I have many clients in the Palo Alto area who would like to pass their homes on to their children as part of their estate plans.  One client (“Mildred”) who lives in Atherton purchased her house in the early 1970’s for about $180,000.  It’s now worth over $3.5 million and is mortgage-free.  Mildred is a widow and has 3 adult children. 

Mildred wants her estate to pass to her children in equal shares, but she wants her youngest “Suzie” to have the house.  Suzie has lived with Mildred for several years and has taken care of her, so she thinks it would be “fair” if Suzie were to be able to stay in the house and buy out her siblings.

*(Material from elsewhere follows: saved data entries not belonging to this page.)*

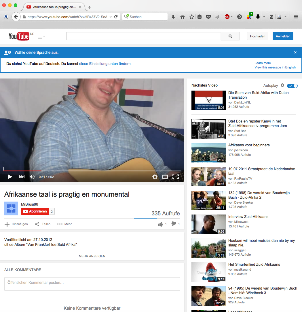 Seine Liebe zum Apartheidsregime Südafrikas drückt er in diesem Video aus. Sein selbsterstelltes Album „Van Frankfurt toe Suid Afrika“ erschien 2012. Im Video ist Brusak vor der alten Fahne Südafrikas zu sehen... (Quelle: youtube.com)
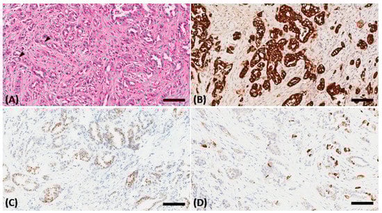 - Chang, D.K.; Jamieson, N.B.; Johns, A.L.; Scarlett, C.J.; Pajic, M.; Chou, A.; Pinese, M.; Humphris, J.L.; Jones, M.D.; Toon, C.; et al. Histomolecular phenotypes and outcome in adenocarcinoma of the ampulla of Vater. J. Clin. Oncol. 2013, 31, 1348–1356. [Google Scholar] [CrossRef] [PubMed]
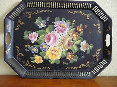 ANTIQUE VERY LARGE BLACK TOLEWARE TRAY WITH HAND PAINTED CABBAGE ROSES
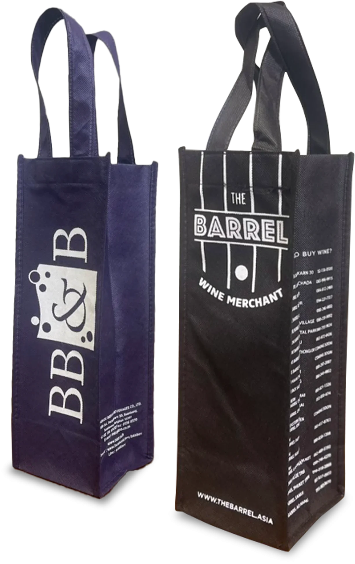 ถุงผ้าสำหรับใส่ขวดไวน์ เหมาะสำหรับใส่ขวดไวน์ซึ่งทำให้ง่ายและสะดวกต่อการพกพาไปยังสถานที่ต่างๆ การใช้ถุงไวน์นั้น นอกจากจะช่วยปกป้องขวดไวน์แล้ว ยังช่วยป้องกันแสงจากภายนอกไม่ให้มากระทบกับขวดไวน์โดยตรง ช่วยรักษาอุณหภูมิของไวน์ไม่ให้เปลี่ยนแปลงเร็วจนเกินไป ซึ่งอาจจะส่งผลต่อรสชาติและคุณภาพของไวน์ การใช้ถุงผ้าใส่ขวดไวน์จึงช่วยแก้ปัญหาตรงนี้ได้เป็นอย่างดี
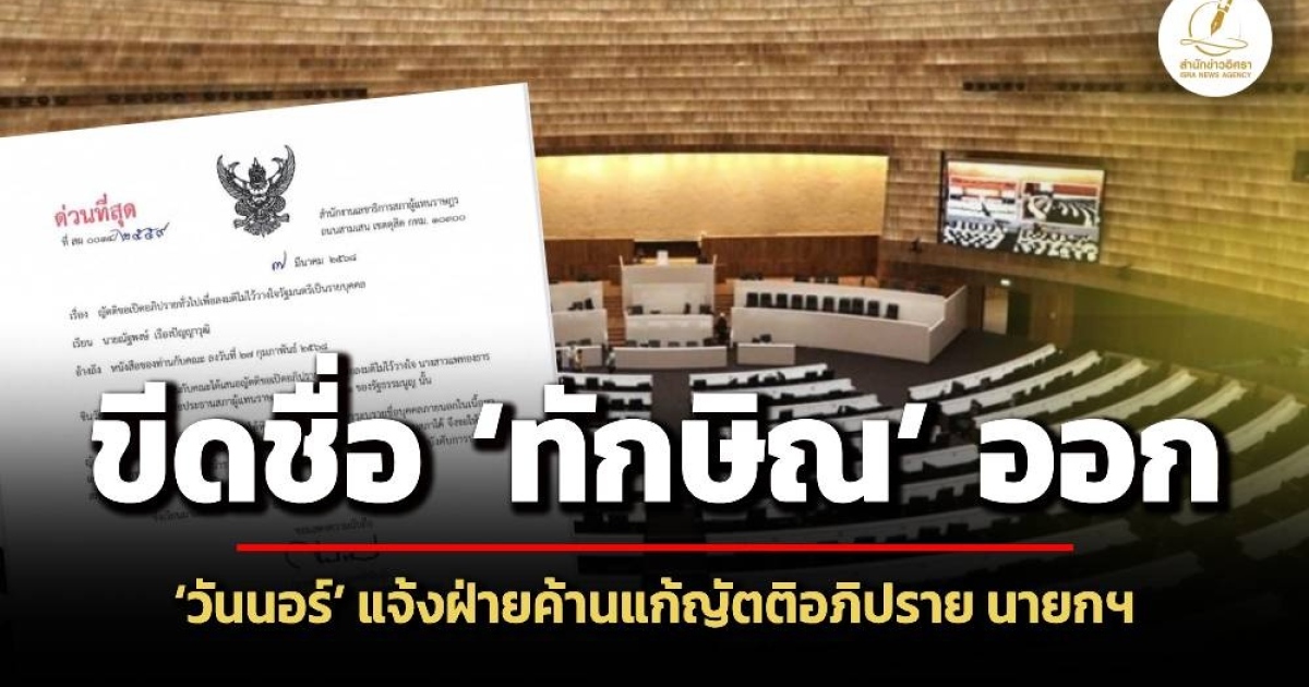 ‘วันนอร์’ ส่งหนังสือถึงฝ่ายค้าน สั่งแก้ญัตติอภิปรายไม่ไว้วางใจ นายกฯ ตัดชื่อ ‘ทักษิณ’ ออก เพราะเป็นบุคคลภายนอก มาชี้แจงในสภาไม่ได้

Mildred’s property taxes are about $2,700 per year.  She knows that if her residence passes to her children, they get to keep her property tax rate under “proposition 13” (transfers of a personal residence from a parent to a child are exempt from increases in property taxes).

Sounds simple, right?  Not quite.

Is the house the primary asset?

First of all, the house is Mildred’s primary asset.  If Suzie inherits it, Mildred doesn’t have other assets that can be used to “equalize” the estate.  That either means that Suzie ends up with an asset worth $3.5 million and her 2 brothers end up with nothing, or Suzie needs to figure out how to buy out her brothers – in order to do that, Suzie would have to come up with approximately $2,333,333 (2/3 of $3.5 million).

"Own it together" rarely works

Mildred’s first idea was that “all 3 of them can own it together”.  In my experience, that seldom works.  Few people are willing to wait years and years for their inheritance.

Buy outs rarely work

Mildred’s second idea was that “well, Suzie can just get a mortgage and buy her brothers out”.  Frankly, that doesn’t work either – first of all, she’d need to qualify for a $2.3 million dollar loan … that works out to a loan payment of over $11,000 per month.  If you assume that most lenders want at least a 2:1 or 3:1 ratio of salary to loan payment, that means Suzie would need to be earning at least $22,000 to $33,000 per month ($264,000 to $396,000 per year). 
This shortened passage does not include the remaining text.